Iranian Shiite scholar of the 19th century

Mohammad Hossein Esheni or Mohammad Hossein Esheni Qudejani (1868 – May 5, 1956) was an Iranian Shia cleric and experienced Faqih.

== ‌Birth ==
Mohammad Hossein Esheni Qudejani was born around 1868 (1285 AH) in Qudejan village of Cheshmeh Sar Rural District in the Central District of Khansar County, Isfahan Province, Iran. He grew up in a sagacious and religious family and spent his childhood and adolescence under the tutelage of a sage pious father and a religious mother. His father Haaj Mulla Mohammad and his grandfather Haaj Mulla Ali were both Islamic scholars and ascetics of their time. Mohammad Hossein Esheni Qudejani lived in the village of Eshen for many years to propagate the rules and religion of Islam, and for this reason, he became known as "Esheni".

== Educations ==
Mohammad Hossein Esheni Qudejani, who had heard the fame of the Isfahan seminary and its ancient background many times, went to Isfahan and benefited greatly from the presence of famous men and scientists of this city. Among his professors in Isfahan are Mirza Abolma'ali Kalbasi, Mir Seyyed Mohammad Taghi Modarres, Mohammad Taghi Agha Najafi and Seyyed Mohammad Bagher Dorchehie. Mohammad Hossein Esheni Qudejani, who was a close friend and like-minded of Hossein Borujerdi and Rahim Arbab, also used the presence of Akhund Mullah Mohammad Kashani and possibly the presence of Jahangir Khan Ghashghaei.

Mohammad Hossein Esheni Qudejani, after using the presence of the famous jurists and sages of Isfahan, went to Iraq and became acquainted with the opinions and views of the Islamic jurists and scholars of that land. At that time, there were famous scholars and teachers in Najaf such as Muhammad Kadhim Khorasani, Mohammed Kazem Yazdi, Fethullah Qa'ravi Isfahani and the like, and Mohammad Hossein Esheni Qudejani probably studied under them, especially Muhammad Kadhim Khorasani and Mohammed Kazem Yazdi.
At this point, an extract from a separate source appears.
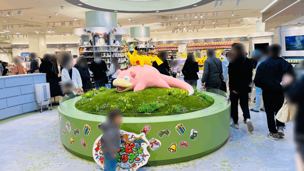 店内に入ると広いスペースがあり、ヤドン&ピカチューが迎えてくれます。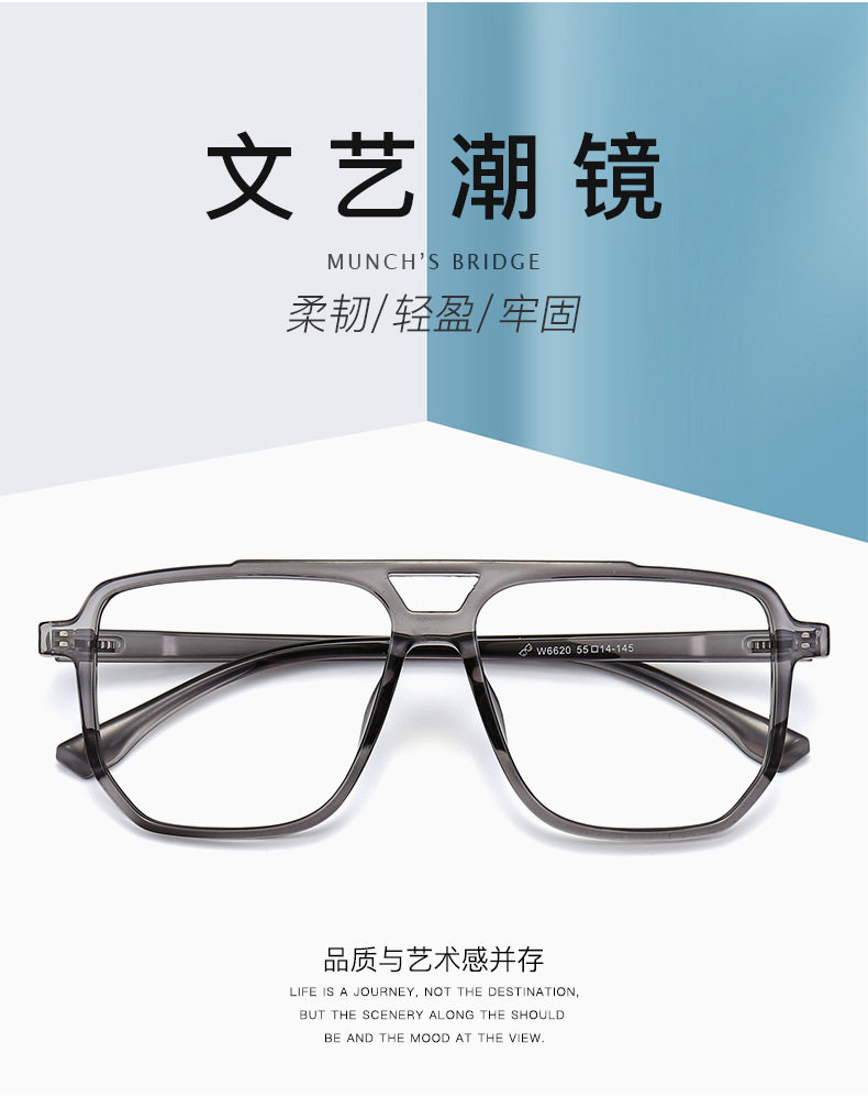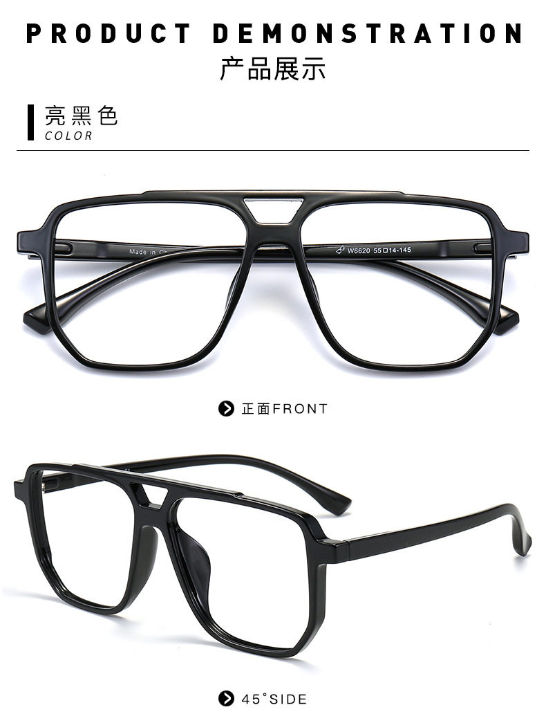 New tr90 Internet celebrity ins fashion double beam glasses frame men and women same fashion large frame myopia plain glasses round face

== Friends and contemporaries ==
Among his contemporaries, friends and close associates, it can be mentioned Hossein Ali Tababataei Borujerdi and Haj Agha Rahim Arbab. They got acquainted with each other in the courses of professors such as Mirza Abolma'ali Kalbasi, Seyyed Mohammad Bagher Dorchehie, Mir Seyyed Mohammad Taghi Modarres, and other professors of Isfahan at that time. They are in touch with each other for the rest of their lives.

== Return to Iran ==
After returning from Najaf, at the request of his close friend and companionship Hossein Ali Tababataei Borujerdi, Mohammad Hossein Esheni Qudejani went to the village of Eshen in the northwest of Najafabad County to preach and promote the rules of Islam. He has been living in Eshen village for many years and that is why he is also known as "Esheni". During this period Mohammad Hossein Esheni Qudejani 's son Nur al-Din was born, and he later became known as "Esheni" too.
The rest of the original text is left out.